Records drawn from a dataset
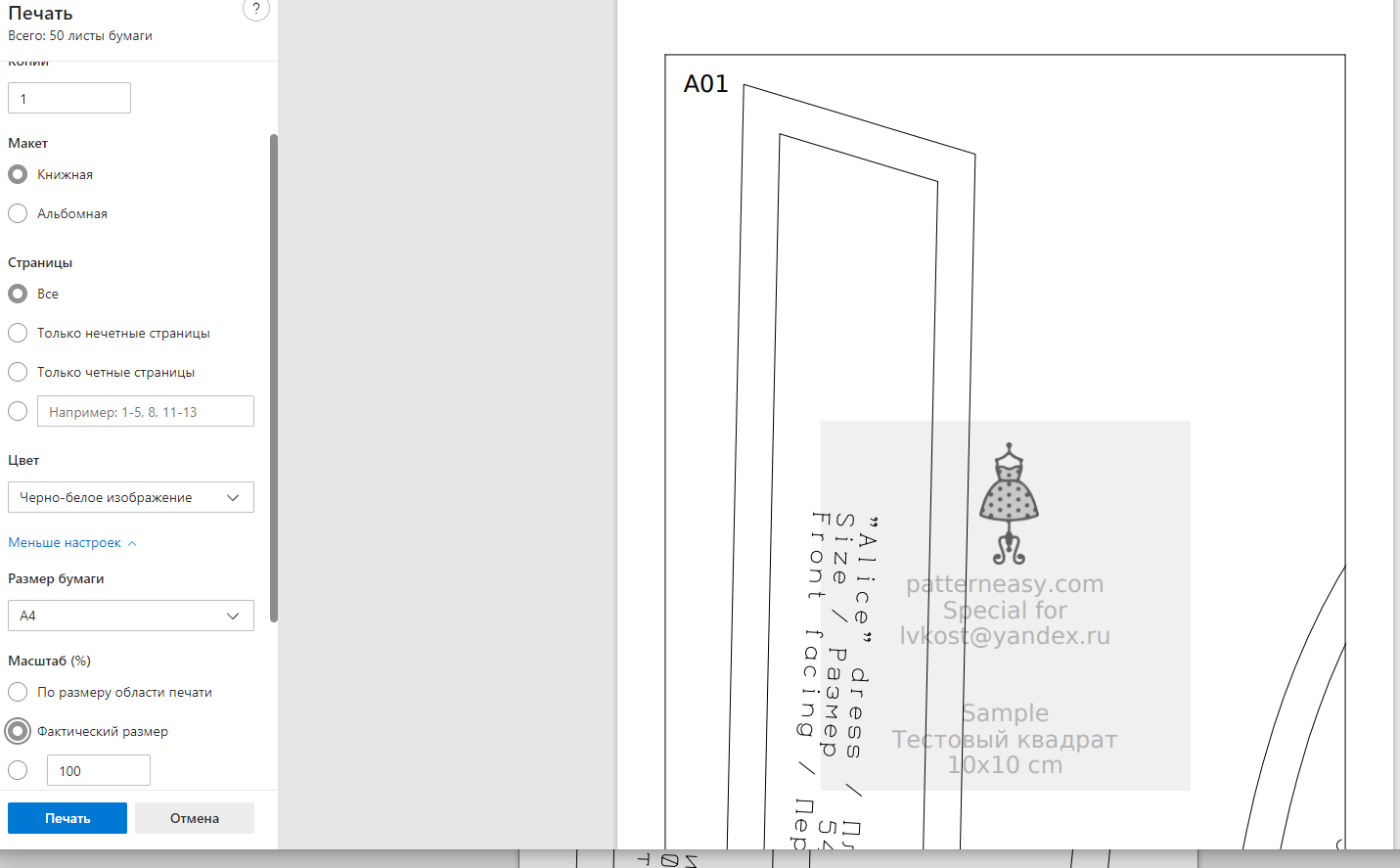 Здравствуйте. На базовые выкройки нанесена масштабная сетка с размерами ячеек 10х10 см. При печати ориентируйтесь на нее. Достаточно распечатать один лист выкройки и замерить ячейку, если размер ее ровно 10х10 см, значит параметры печати заданы верные и можно распечатывать остальные листы.
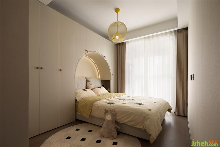 高收納需求與床頭背景造型結(jié)合,杭州和寧文華府裝修設(shè)計打造兒童房的專屬趣味,在元素上的細化斟酌,期待給予孩子更多的關(guān)照與呵護。
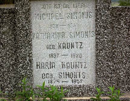 daughter of Martin Simonis *1837 in Donnersmarkt and Catharina Speck *1841 in Donnersmarkt
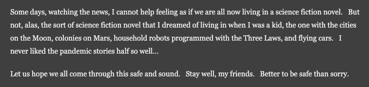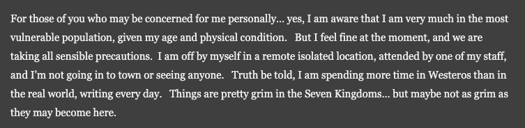 On March 17th, George R.R. Martin posted an update on his blog, detailing how his many enterprises are handling the coronavirus outbreak.
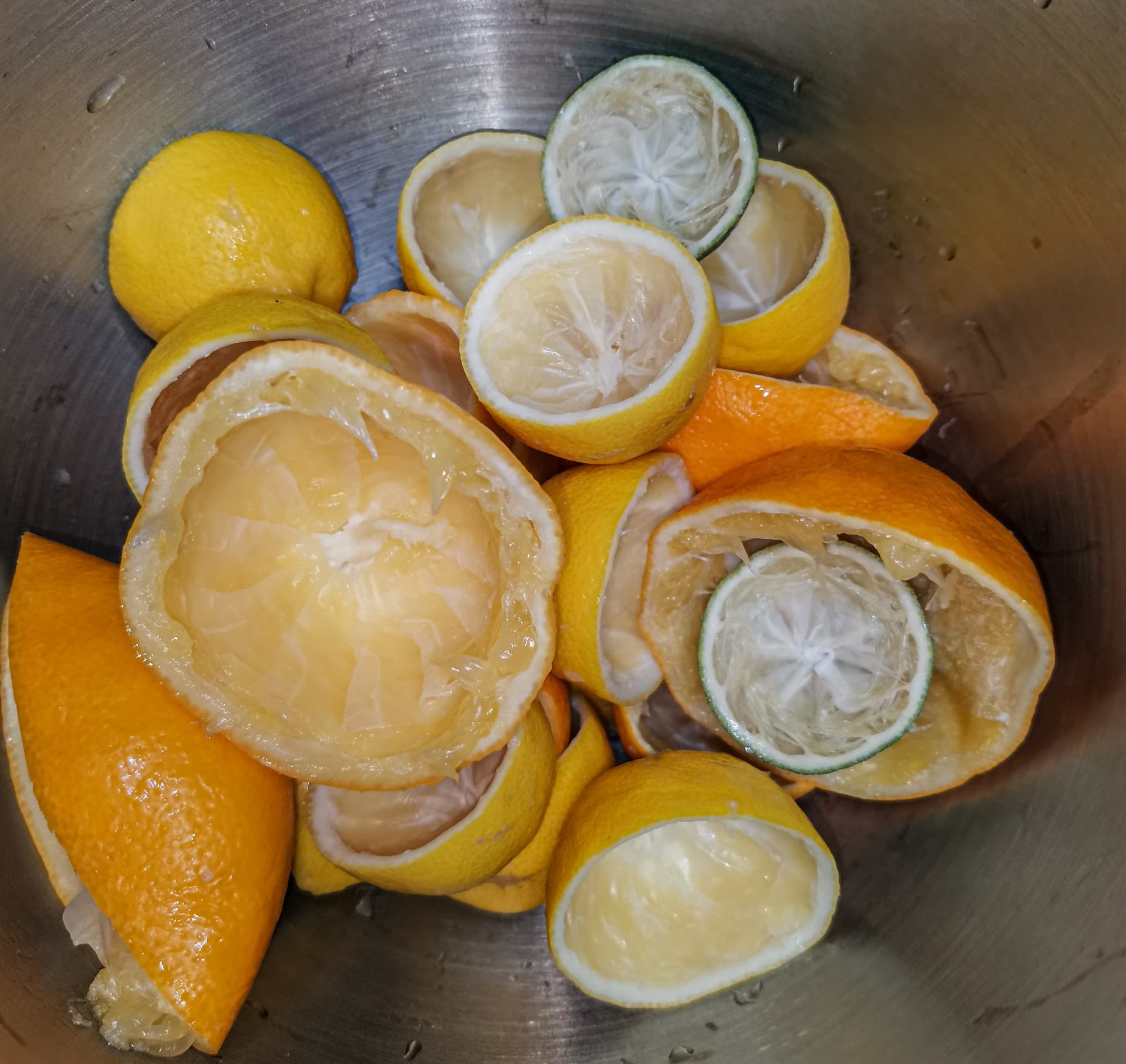 С помощью соковыжималки для цитрусовых отжали сок. Кожуру отварили в течении пары минут. Отваренные половинки разрезали еще пополам (крупные — на несколько кусков) и прокрутили в мясорубке. Кожура отлично подхватывалась валом, даже не нужно было проталкивать толкателем. Рубилась довольно быстро.
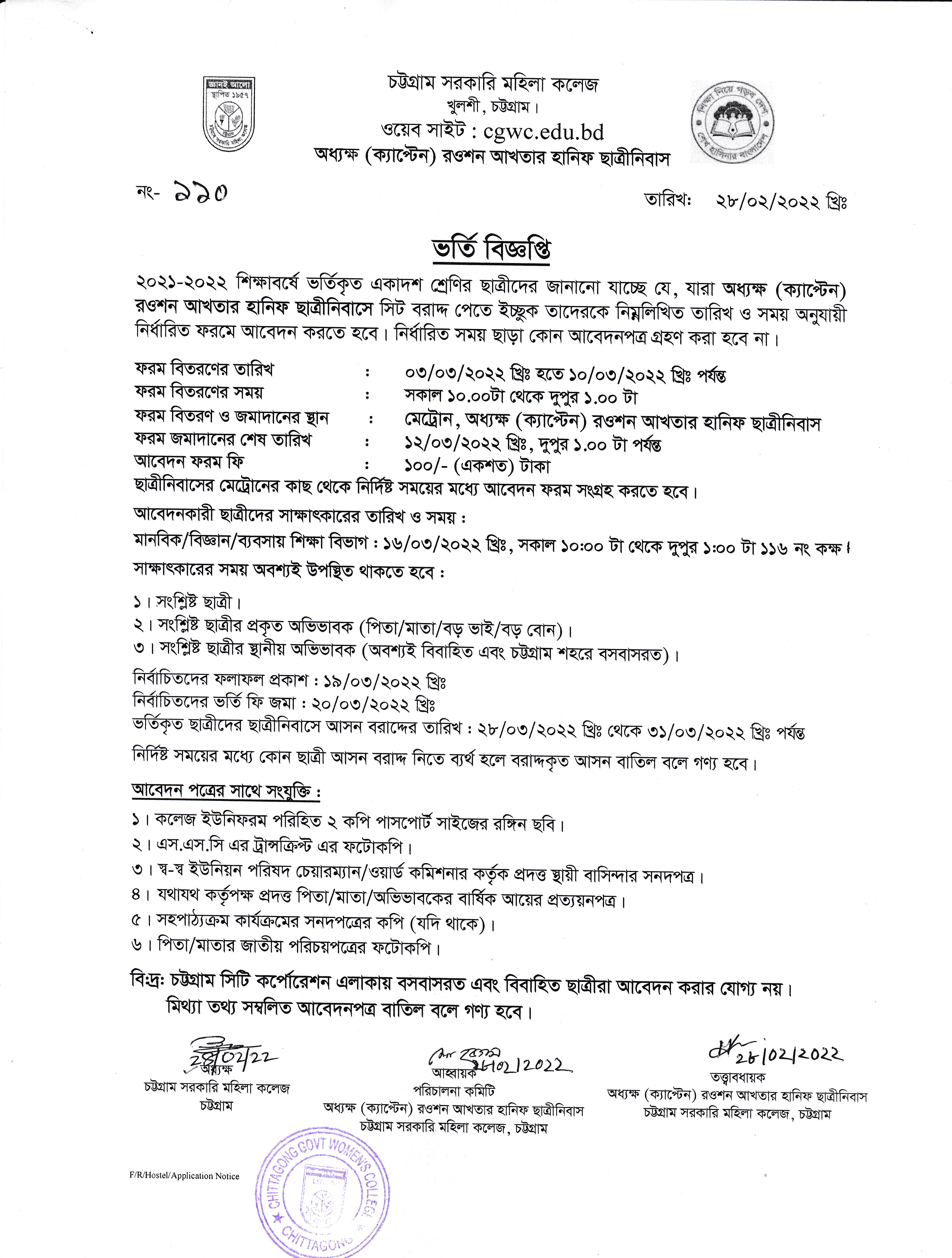 ২০২১-২০২২ শিক্ষাবর্ষে ভর্তিকৃত একাদশ শ্রেণির ছাত্রীদের জন্য অধ্যক্ষ (ক্যাপ্টেন) রওশন আখতার হানিফ ছাত্রীনিবাসের সিট বরাদ্দের বিজ্ঞপ্তি (২৮/০২/২০২২)

WHAT YOU ARE ASKED TO DO: Repeat every entry above exactly as written and omit any pictures it holds.

WRITTEN ANSWER:
 Здравствуйте. На базовые выкройки нанесена масштабная сетка с размерами ячеек 10х10 см. При печати ориентируйтесь на нее. Достаточно распечатать один лист выкройки и замерить ячейку, если размер ее ровно 10х10 см, значит параметры печати заданы верные и можно распечатывать остальные листы.
 高收納需求與床頭背景造型結(jié)合,杭州和寧文華府裝修設(shè)計打造兒童房的專屬趣味,在元素上的細化斟酌,期待給予孩子更多的關(guān)照與呵護。
 daughter of Martin Simonis *1837 in Donnersmarkt and Catharina Speck *1841 in Donnersmarkt
 On March 17th, George R.R. Martin posted an update on his blog, detailing how his many enterprises are handling the coronavirus outbreak.
 С помощью соковыжималки для цитрусовых отжали сок. Кожуру отварили в течении пары минут. Отваренные половинки разрезали еще пополам (крупные — на несколько кусков) и прокрутили в мясорубке. Кожура отлично подхватывалась валом, даже не нужно было проталкивать толкателем. Рубилась довольно быстро.
 ২০২১-২০২২ শিক্ষাবর্ষে ভর্তিকৃত একাদশ শ্রেণির ছাত্রীদের জন্য অধ্যক্ষ (ক্যাপ্টেন) রওশন আখতার হানিফ ছাত্রীনিবাসের সিট বরাদ্দের বিজ্ঞপ্তি (২৮/০২/২০২২)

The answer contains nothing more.